Extracted data entries
__________________________________________________

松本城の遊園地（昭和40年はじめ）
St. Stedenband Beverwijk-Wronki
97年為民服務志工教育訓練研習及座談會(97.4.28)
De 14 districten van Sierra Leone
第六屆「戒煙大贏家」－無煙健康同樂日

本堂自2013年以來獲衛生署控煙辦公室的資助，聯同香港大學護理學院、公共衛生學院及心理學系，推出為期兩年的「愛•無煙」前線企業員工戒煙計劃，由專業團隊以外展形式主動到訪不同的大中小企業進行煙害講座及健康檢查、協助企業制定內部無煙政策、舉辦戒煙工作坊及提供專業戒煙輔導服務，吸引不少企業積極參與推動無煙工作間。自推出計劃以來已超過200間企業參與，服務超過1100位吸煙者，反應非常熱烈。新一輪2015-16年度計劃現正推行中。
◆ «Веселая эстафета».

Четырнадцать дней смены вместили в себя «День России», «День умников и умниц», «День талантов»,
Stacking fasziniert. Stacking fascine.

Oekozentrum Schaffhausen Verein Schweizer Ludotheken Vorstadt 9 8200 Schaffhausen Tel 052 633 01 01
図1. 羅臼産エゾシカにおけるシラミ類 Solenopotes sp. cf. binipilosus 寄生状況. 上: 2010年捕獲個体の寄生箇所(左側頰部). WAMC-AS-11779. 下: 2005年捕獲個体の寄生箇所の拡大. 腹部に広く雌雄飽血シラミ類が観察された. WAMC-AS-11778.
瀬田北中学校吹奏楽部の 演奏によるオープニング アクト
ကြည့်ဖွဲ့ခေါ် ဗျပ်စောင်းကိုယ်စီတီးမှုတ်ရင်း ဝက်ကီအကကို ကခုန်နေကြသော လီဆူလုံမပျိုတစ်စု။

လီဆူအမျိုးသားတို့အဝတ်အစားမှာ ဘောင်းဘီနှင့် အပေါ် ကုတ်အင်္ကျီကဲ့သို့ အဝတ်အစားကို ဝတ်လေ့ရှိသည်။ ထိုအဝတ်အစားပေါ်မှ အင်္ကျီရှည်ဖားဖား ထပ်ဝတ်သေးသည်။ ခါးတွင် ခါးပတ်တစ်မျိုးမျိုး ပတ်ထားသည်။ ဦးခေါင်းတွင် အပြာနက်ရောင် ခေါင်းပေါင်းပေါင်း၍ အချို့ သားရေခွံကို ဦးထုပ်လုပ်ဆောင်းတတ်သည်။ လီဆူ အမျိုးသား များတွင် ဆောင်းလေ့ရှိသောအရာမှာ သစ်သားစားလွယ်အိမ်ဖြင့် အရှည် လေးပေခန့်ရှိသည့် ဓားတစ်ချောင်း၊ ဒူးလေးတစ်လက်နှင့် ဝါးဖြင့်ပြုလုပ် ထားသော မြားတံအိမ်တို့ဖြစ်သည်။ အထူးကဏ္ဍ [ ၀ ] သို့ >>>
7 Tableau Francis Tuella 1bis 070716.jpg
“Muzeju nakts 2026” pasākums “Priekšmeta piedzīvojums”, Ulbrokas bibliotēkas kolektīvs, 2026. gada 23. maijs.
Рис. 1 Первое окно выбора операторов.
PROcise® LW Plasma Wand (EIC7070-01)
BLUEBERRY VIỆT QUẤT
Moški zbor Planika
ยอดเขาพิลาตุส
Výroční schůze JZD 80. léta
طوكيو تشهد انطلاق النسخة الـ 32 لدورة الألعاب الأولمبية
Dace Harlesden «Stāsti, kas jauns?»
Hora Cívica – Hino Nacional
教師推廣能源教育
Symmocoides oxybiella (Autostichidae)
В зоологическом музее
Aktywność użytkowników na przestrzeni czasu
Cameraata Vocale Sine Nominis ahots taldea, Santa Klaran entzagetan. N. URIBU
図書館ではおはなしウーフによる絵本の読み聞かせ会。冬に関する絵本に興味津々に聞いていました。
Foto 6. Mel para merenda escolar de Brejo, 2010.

__________________________________________________

Task item
Using the records above, write out exactly the lines from the one containing "図1. 羅臼産エゾシカにおけるシラミ類 Solenopotes" through the last, and add nothing.

Response to the task
図1. 羅臼産エゾシカにおけるシラミ類 Solenopotes sp. cf. binipilosus 寄生状況. 上: 2010年捕獲個体の寄生箇所(左側頰部). WAMC-AS-11779. 下: 2005年捕獲個体の寄生箇所の拡大. 腹部に広く雌雄飽血シラミ類が観察された. WAMC-AS-11778.
瀬田北中学校吹奏楽部の 演奏によるオープニング アクト
ကြည့်ဖွဲ့ခေါ် ဗျပ်စောင်းကိုယ်စီတီးမှုတ်ရင်း ဝက်ကီအကကို ကခုန်နေကြသော လီဆူလုံမပျိုတစ်စု။

လီဆူအမျိုးသားတို့အဝတ်အစားမှာ ဘောင်းဘီနှင့် အပေါ် ကုတ်အင်္ကျီကဲ့သို့ အဝတ်အစားကို ဝတ်လေ့ရှိသည်။ ထိုအဝတ်အစားပေါ်မှ အင်္ကျီရှည်ဖားဖား ထပ်ဝတ်သေးသည်။ ခါးတွင် ခါးပတ်တစ်မျိုးမျိုး ပတ်ထားသည်။ ဦးခေါင်းတွင် အပြာနက်ရောင် ခေါင်းပေါင်းပေါင်း၍ အချို့ သားရေခွံကို ဦးထုပ်လုပ်ဆောင်းတတ်သည်။ လီဆူ အမျိုးသား များတွင် ဆောင်းလေ့ရှိသောအရာမှာ သစ်သားစားလွယ်အိမ်ဖြင့် အရှည် လေးပေခန့်ရှိသည့် ဓားတစ်ချောင်း၊ ဒူးလေးတစ်လက်နှင့် ဝါးဖြင့်ပြုလုပ် ထားသော မြားတံအိမ်တို့ဖြစ်သည်။ အထူးကဏ္ဍ [ ၀ ] သို့ >>>
7 Tableau Francis Tuella 1bis 070716.jpg
“Muzeju nakts 2026” pasākums “Priekšmeta piedzīvojums”, Ulbrokas bibliotēkas kolektīvs, 2026. gada 23. maijs.
Рис. 1 Первое окно выбора операторов.
PROcise® LW Plasma Wand (EIC7070-01)
BLUEBERRY VIỆT QUẤT
Moški zbor Planika
ยอดเขาพิลาตุส
Výroční schůze JZD 80. léta
طوكيو تشهد انطلاق النسخة الـ 32 لدورة الألعاب الأولمبية
Dace Harlesden «Stāsti, kas jauns?»
Hora Cívica – Hino Nacional
教師推廣能源教育
Symmocoides oxybiella (Autostichidae)
В зоологическом музее
Aktywność użytkowników na przestrzeni czasu
Cameraata Vocale Sine Nominis ahots taldea, Santa Klaran entzagetan. N. URIBU
図書館ではおはなしウーフによる絵本の読み聞かせ会。冬に関する絵本に興味津々に聞いていました。
Foto 6. Mel para merenda escolar de Brejo, 2010.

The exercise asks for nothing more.